Task prompt
Every entry is to be copied exactly as written, and the pictures are to be skipped.
*-*-*
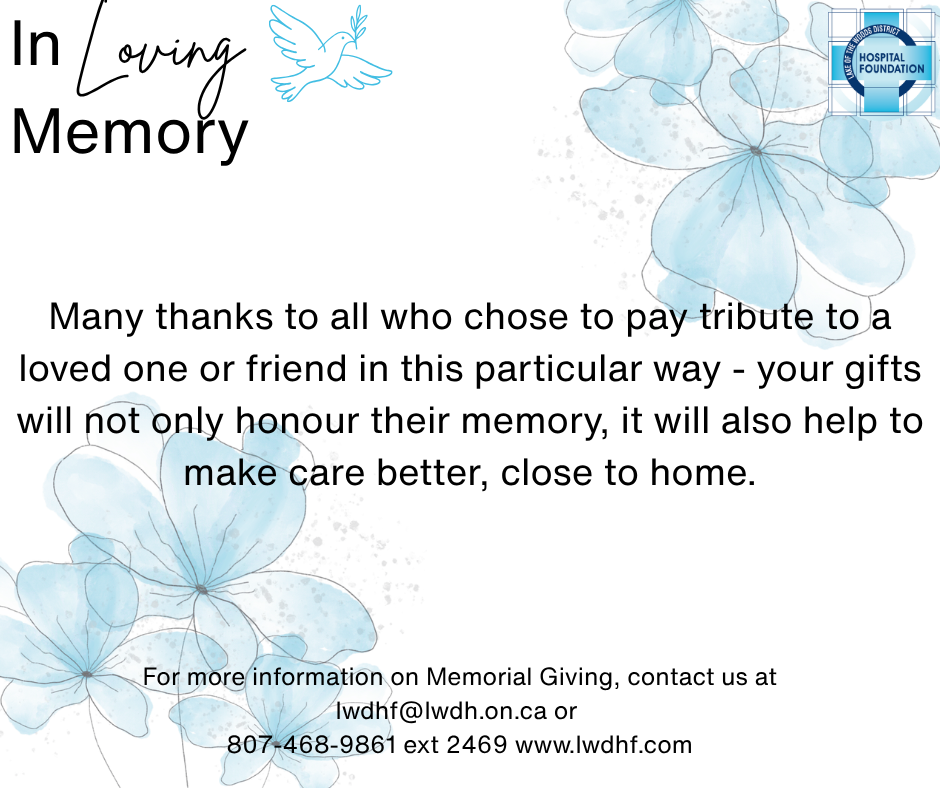 A perfect way to say “Thank you” for the outstanding and compassionate care received your or a loved one received at LWDH.
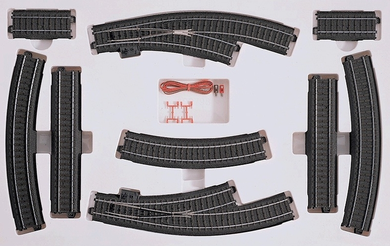 Inhoud: 3 rechte rails 24188, 5 rechte rails 24172, 2 gebogen rails 24224, 1 wissel 24611, 1 ..
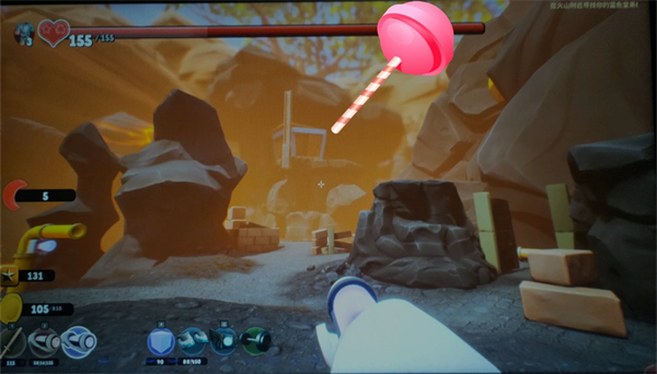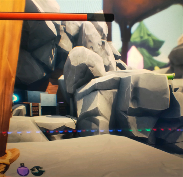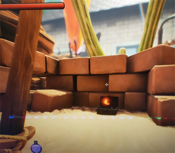 5、第五个红月位置在钻三明星家出门向左看,即下图,深沟对面有几个金币那里(棒棒糖指着),就有红月箱子。问题是想要过去的话,理论上用身后发射黄球给自己加速才能飞过去
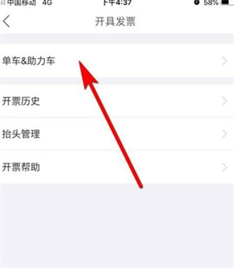 4、进入开具发票的页面后,找到箭头指示的“单车助力车”选项,点击该选项进入。
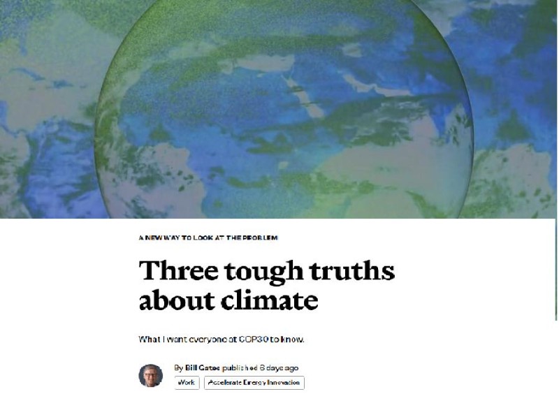 就在COP30召開前夕的10月28日,微軟創(chuàng)始人、億萬富豪、慈善活動家比爾·蓋茨在自己的媒體平臺Gates Notes上發(fā)布一篇備忘錄,題為《關(guān)于氣候的三大真相》(Three tough truths about climate)。
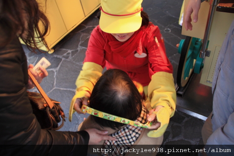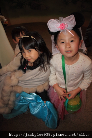 等勳寶回來後,我們去了早上先抽FP之「夢幻樂園」的「小熊維尼獵蜜記」。排隊時和兩位可愛的日本小女生聊聊天,看看她們的穿著多麼配合迪士尼的奇幻氣氛。進入遊戲區內是不能拍照的,我們一家四口搭乘一個咖啡杯,隨著音樂旋轉參與小熊維尼的採蜜過程,小朋友們都很陶醉。
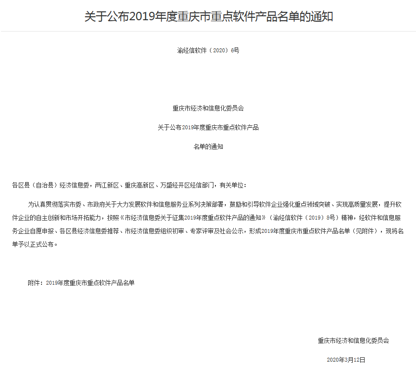 近日,重庆市经济和信息化委员会发文公布“2019年度重庆市重点软件产品名单”,经过多方评审,商勤自主研发的”环境应急大数据平台”软件产品成功上榜。
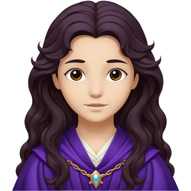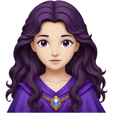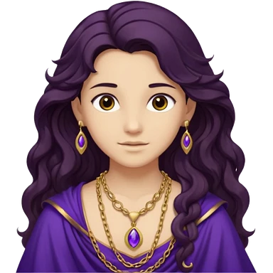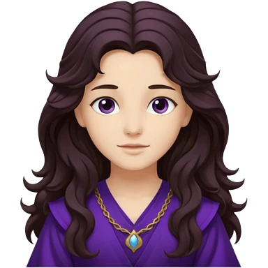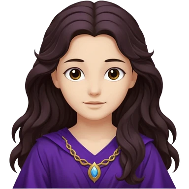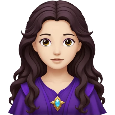 Libera from Olympus Gods with long dark brown wavy hair, deep purple tunic emoji
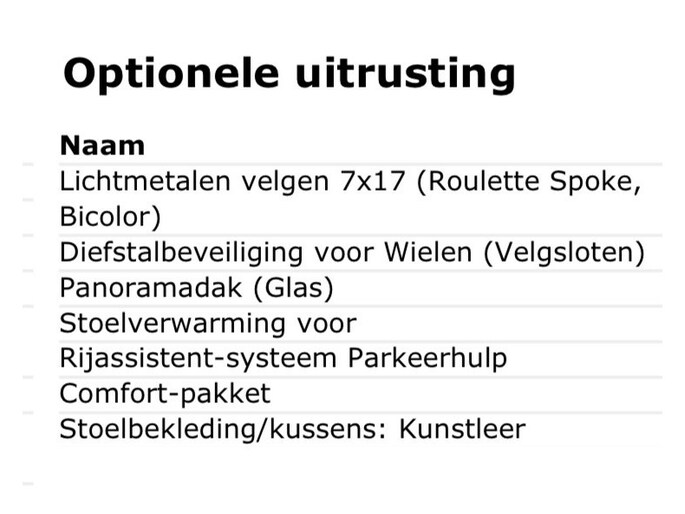 Wij maken elke advertentie met de meeste zorgvuldigheid. Het kán echter voorkomen dat uit de automatische voertuiginformatie een optie naar voren komt die helaas toch niet op de auto aanwezig is. Gelukkig gebeurt dat maar héél zelden. Wil je absolute zekerheid? Neem dan een kijkje in onze showroom. Je bent van harte welkom!
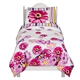 Contemporary styling meets chic coloration in this Botanica complete bedroom ensemble! The face of the comforter features The face of the comforter features large, vibrant 3-D blooming gerbera daisies and peonies and fluttering butterflies in shades of magenta, pink, yellow, lavender and purple on a crisp white ground; comforter reverses to the same daisy and peony floral and butterfly pattern. The standard pillow shams feature large magenta pink gerbera daisies on a pure white ground; shams reverse to the same daisy print. The coordinating, 200 thread count sheets and pillowcases feature vertical ombre stripes in hues of lavender, purple, pink, magenta, and yellow, on a white ground. The comforter, shams and sheet set are constructed of easy-care 100% pure cotton; all components are machine washable. The Botanica complete bedroom ensemble retails for 129.99 in better specialty chains and upscale department stores!
*-*-*
Task response
 A perfect way to say “Thank you” for the outstanding and compassionate care received your or a loved one received at LWDH.
 Inhoud: 3 rechte rails 24188, 5 rechte rails 24172, 2 gebogen rails 24224, 1 wissel 24611, 1 ..
 5、第五个红月位置在钻三明星家出门向左看,即下图,深沟对面有几个金币那里(棒棒糖指着),就有红月箱子。问题是想要过去的话,理论上用身后发射黄球给自己加速才能飞过去
 4、进入开具发票的页面后,找到箭头指示的“单车助力车”选项,点击该选项进入。
 就在COP30召開前夕的10月28日,微軟創(chuàng)始人、億萬富豪、慈善活動家比爾·蓋茨在自己的媒體平臺Gates Notes上發(fā)布一篇備忘錄,題為《關(guān)于氣候的三大真相》(Three tough truths about climate)。
 等勳寶回來後,我們去了早上先抽FP之「夢幻樂園」的「小熊維尼獵蜜記」。排隊時和兩位可愛的日本小女生聊聊天,看看她們的穿著多麼配合迪士尼的奇幻氣氛。進入遊戲區內是不能拍照的,我們一家四口搭乘一個咖啡杯,隨著音樂旋轉參與小熊維尼的採蜜過程,小朋友們都很陶醉。
 近日,重庆市经济和信息化委员会发文公布“2019年度重庆市重点软件产品名单”,经过多方评审,商勤自主研发的”环境应急大数据平台”软件产品成功上榜。
 Libera from Olympus Gods with long dark brown wavy hair, deep purple tunic emoji
 Wij maken elke advertentie met de meeste zorgvuldigheid. Het kán echter voorkomen dat uit de automatische voertuiginformatie een optie naar voren komt die helaas toch niet op de auto aanwezig is. Gelukkig gebeurt dat maar héél zelden. Wil je absolute zekerheid? Neem dan een kijkje in onze showroom. Je bent van harte welkom!
 Contemporary styling meets chic coloration in this Botanica complete bedroom ensemble! The face of the comforter features The face of the comforter features large, vibrant 3-D blooming gerbera daisies and peonies and fluttering butterflies in shades of magenta, pink, yellow, lavender and purple on a crisp white ground; comforter reverses to the same daisy and peony floral and butterfly pattern. The standard pillow shams feature large magenta pink gerbera daisies on a pure white ground; shams reverse to the same daisy print. The coordinating, 200 thread count sheets and pillowcases feature vertical ombre stripes in hues of lavender, purple, pink, magenta, and yellow, on a white ground. The comforter, shams and sheet set are constructed of easy-care 100% pure cotton; all components are machine washable. The Botanica complete bedroom ensemble retails for 129.99 in better specialty chains and upscale department stores!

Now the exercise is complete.